Nth derivative and proof by induction

[adwong1]

Hi, I'm having a bit of trouble with finding a general formula for the 'nth derivative' for the function f(x)= x^2/3

So far I've figured out the formula (i think it's right), but I can't figure out how to prove it by induction, since I've never had to prove something like this before.

http://img354.imageshack.us/img354/3484/devoir8awn5.jpg


http://img412.imageshack.us/img412/776/devoir8bbe5.jpg

Thanks in advance. I tried to lay it out as neatly as i possibly could

Alex

 

[Mark44]

I understand what you're trying to say for the powers of x, but your expression
$$f^{(n-1)} (x ^{-1})$$ doesn't mean what you intend it to mean.

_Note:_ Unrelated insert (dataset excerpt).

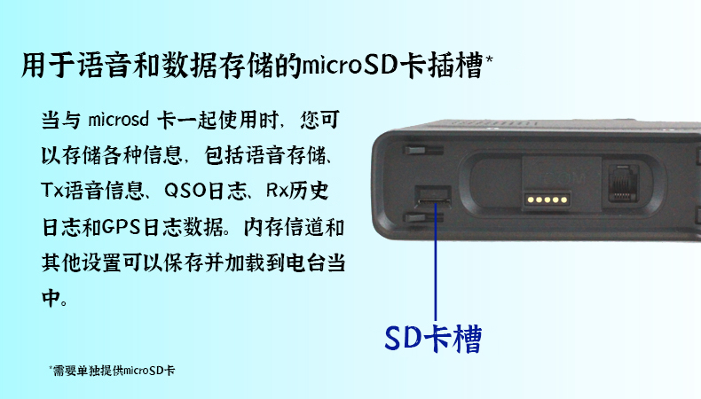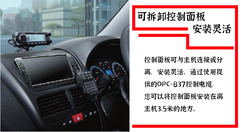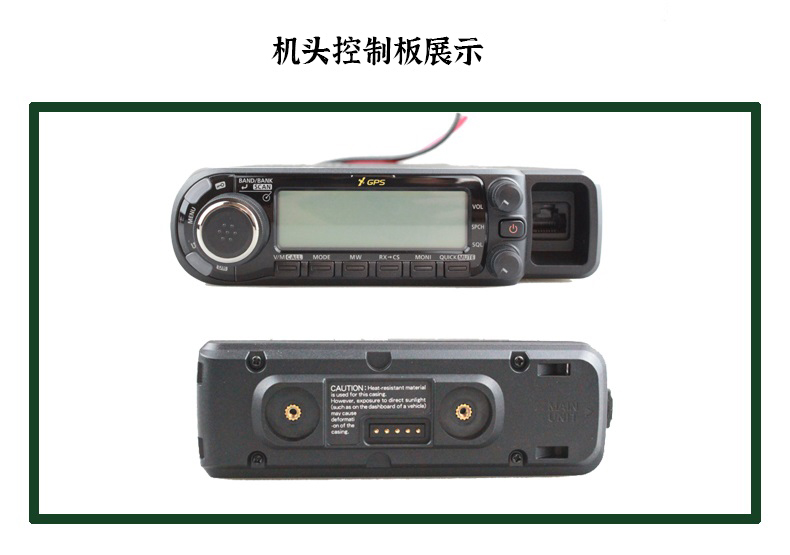 寬帶接收,U/V雙段發(fā)射,數(shù)模業(yè)余電臺(tái),LCD 4色背光顯示和按鍵背光,內(nèi)置GPS接收,控制面板與主機(jī)可分離,可插SD卡用于語(yǔ)音和數(shù)據(jù)的存儲(chǔ),輸出功率50W。

You have written $$f^{(n)} (x)$$ recursively. I think that your recursive definition won't help you in your proof by induction, since you won't be able to take the derivative of the right hand side. If you had the right side written nonrecursively, you would be able to take its derivative. In the coefficient of the derivative expression, you have a fraction, with the numerator being a product of 2(-1)(-4) and so on, and the denominator being 3 raised to the same power as there are factors in the numerator. The exponent on x will be 2/3 - that same number. Maybe you can work with these ideas.